The case marks the latest in a series of court challenges to fund-raising laws by cities and counties. It is most similar to a lawsuit against Pinellas County, Fla., which is currently under review by an appeals court after a federal district judge sided with the county in late 1998.
In Kentucky, the legal battle is being led by Public Citizen, which told a federal court that Jefferson County’s charitable-solicitations act should be overturned because it is unconstitutional and unnecessarily burdensome.
The county, which includes the city of Louisville, requires non-profit organizations and their professional fund raisers to register each year before seeking money from the county’s roughly 673,000 residents. The charitable-solicitations act has been in effect since 1991.
John T. Spellman, the official who oversees charity registrations for the county, says he thinks most organizations can comply with the requirements fairly easily because the information requested is similar to information organizations already collect for the Internal Revenue Service and many states.
“I don’t think we’re calling for that much more labor-intensive work,” he says.
Many charities located outside of Jefferson County may be unaware of the registration rule.
Public Citizen, a Washington consumer-rights advocacy group, did not learn of the ordinance until last year, when it received a letter from the county saying it had violated the regulation by not registering before sending fund-raising letters to residents.
Lane Brooks, Public Citizen’s director of development and marketing, says it’s not just Jefferson County that worries him.
“The real problem is not one law, but hundreds of laws. We already spend almost an entire full-time equivalent of a person in just doing the state registrations. And when you start adding multiple local ordinances, all asking for completely different pieces of information, it simply doesn’t make sense.”
Public Citizen was joined in its lawsuit by Greenpeace and two other groups that have devoted much effort to challenging what they see as burdensome charitable registration and reporting requirements — the American Charities for Reasonable Fundraising Regulation and the National Federation of Nonprofits.
In addition to their general objection to the local registration requirement, the non-profit groups in the case took issue with several specific provisions of Jefferson County’s solicitations act.
For example, the county requires non-profit groups to provide personal information, including the social security numbers, home addresses and telephone numbers, and birth dates of top officers and employees, a requirement the lawsuit calls “invasive of personal privacy” and “unnecessary.”
The county also requires all registered non-profit groups and professional solicitors to provide fund-raising totals and other financial figures at the end of each calendar year, even if an organization operates on a different fiscal year.
“We keep our books and file with the I.R.S. on an October 1 fiscal-year basis,” says Joseph A. Zillo, Public Citizen’s chief operating officer. “Just think what it would cost us to redo our books for Jefferson County, not to mention what we might have to do for other states and localities if they decided they wanted information on a different basis.”
Mr. Spellman says Public Citizen’s lawsuit took him by surprise because up until now non-profit organizations have complied with the county’s requirements without complaint. More than 500 charities are registered with the county.

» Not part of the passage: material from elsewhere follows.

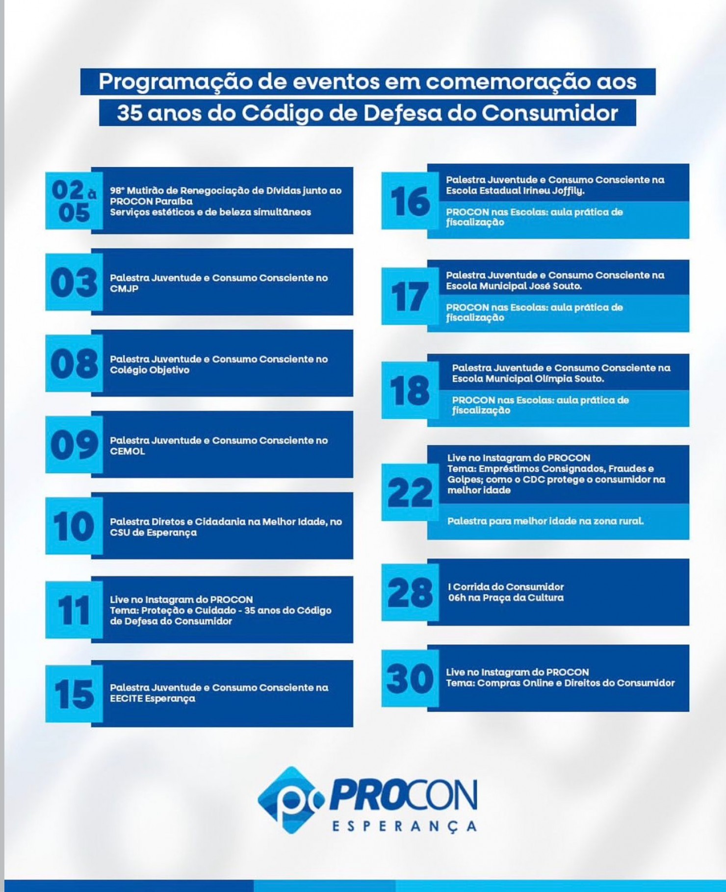 Em comemoração aos 35 anos do Código de Defesa do Consumidor (CDC), o PROCON Esperança preparou uma série de atividades ao longo do mês, com o objetivo de fortalecer os direitos dos consumidores, promover a educação financeira e incentivar o consumo consciente em toda a comunidade esperancense.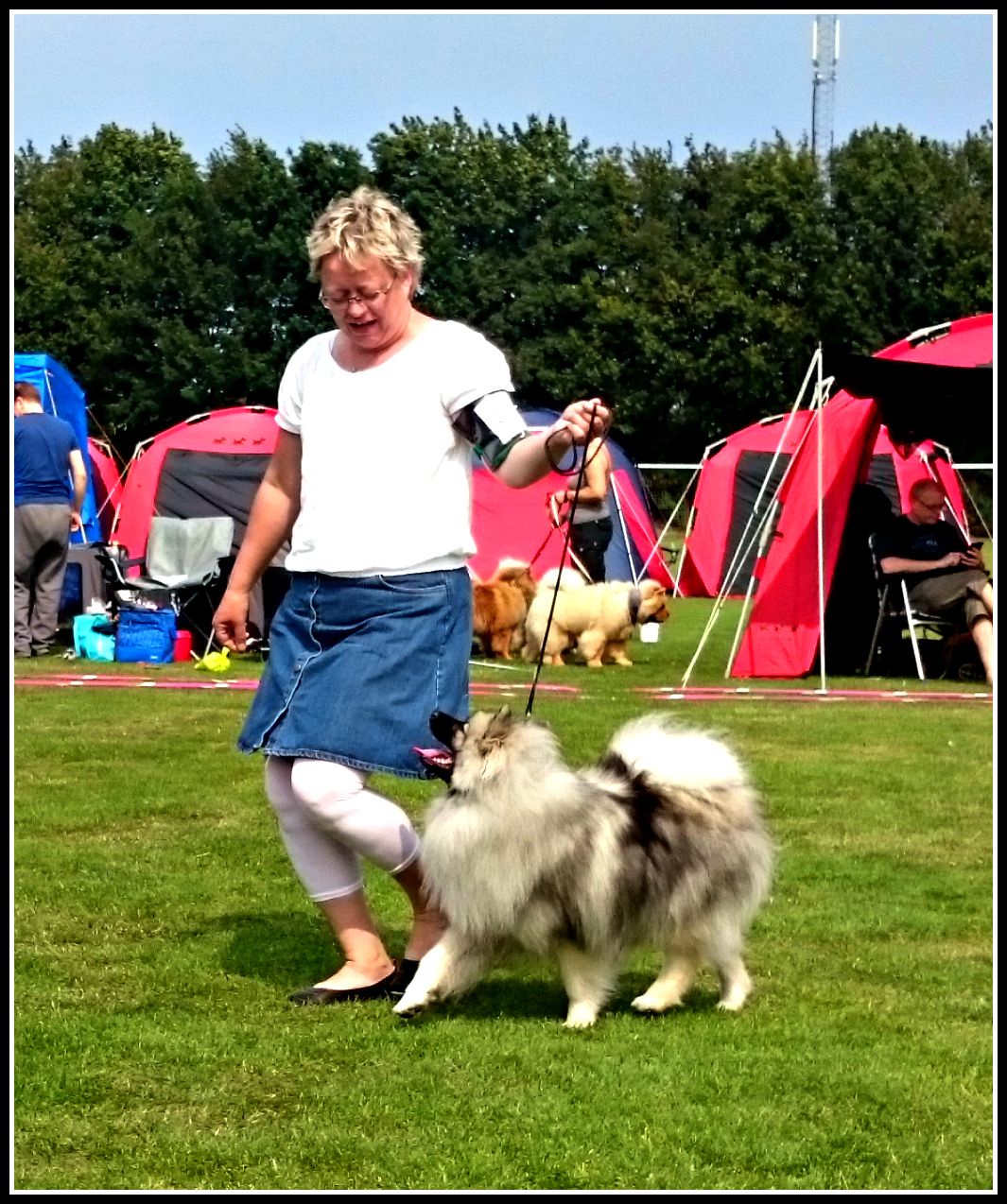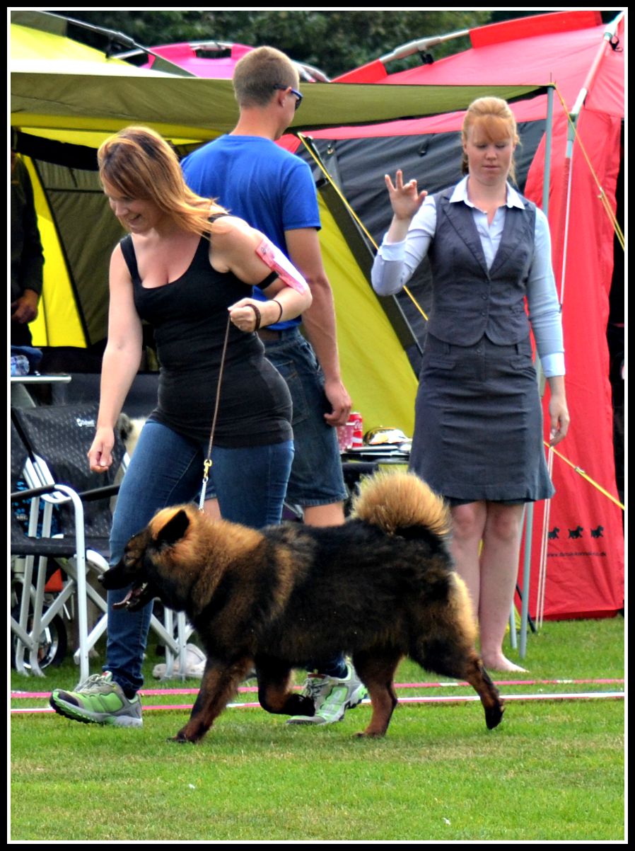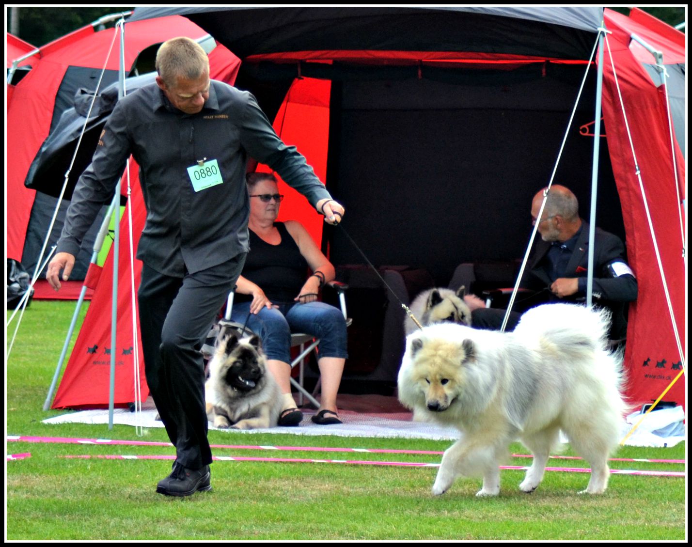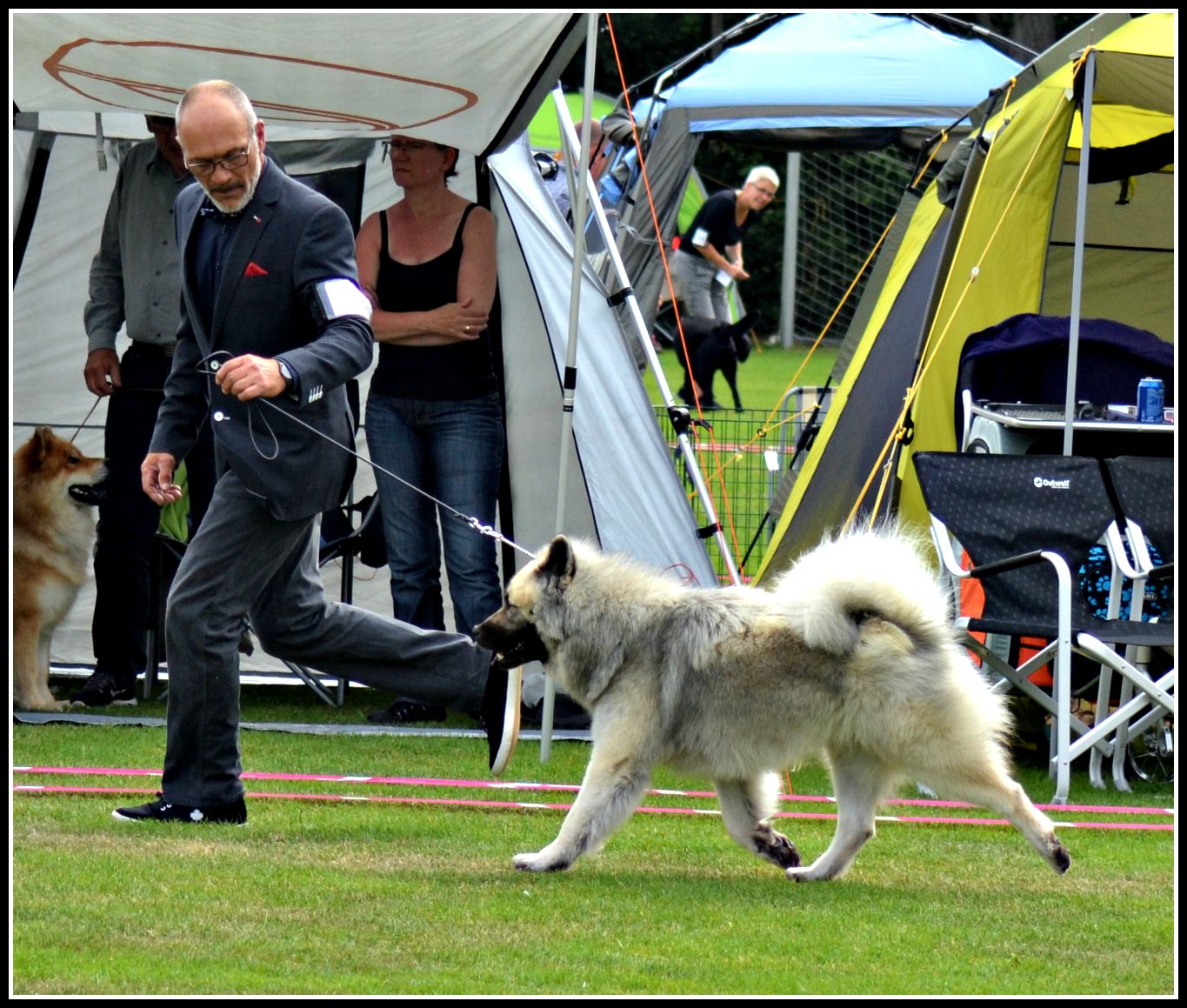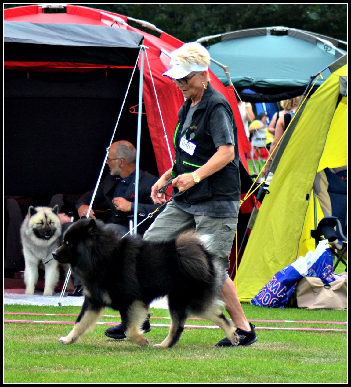 Väl tillbaka på campingen igen så möttes vi av en betydligt piggare Hasse och en betydligt lugnare Tindra :). Så på söndagen fick alla åka med till utställningen och där ställde vi både Tindra och Jill och denna dag gick det bättre med varsitt very good som resultat, något som man inte kan vara annat än nöjd med under rådande omständigheter ;). Men vad som gjorde mig allra gladast var klappen på axeln av domaren Ole Staunskjær och hans ord; ”Du har en kanonhund där, bara läs min kritik så får du se. Jag önskar bara lite mer päls”. Så han ska vi definitivt ställa för igen då Tindra är sig lik igen ;). Och här kommer en bild på oss i ringen, tagna av Charli Ahl Ludvigsson, tack snälla du ❤

Mr. Spellman defends the county’s rules, saying that without personal information about top officers and trustees the county cannot do background checks on individuals associated with charities or professional fund-raising groups that appear to be involved in questionable activities. He says the county requires organizations to report figures on a calendar-year basis because that simplifies the collection process.
Ed Mazlish, a New York lawyer who represents American Charities for Reasonable Fundraising Regulations in the lawsuits against both the Kentucky and Florida counties, says he worries that “a lot of localities are becoming more aggressive in enforcing these types of requirements on charities, and they’re completely oblivious to the burden they’re putting on charities.”
What’s more, local attempts to regulate fund-raising appeals made via the Internet could make it even more difficult for charities to keep up with reporting requirements, Mr. Mazlish says. Even as the lawsuit against Pinellas County’s charitable-solicitations act is still pending, the county is considering expanding its registration requirements to specifically include solicitations made on Web sites or through e-mail messages.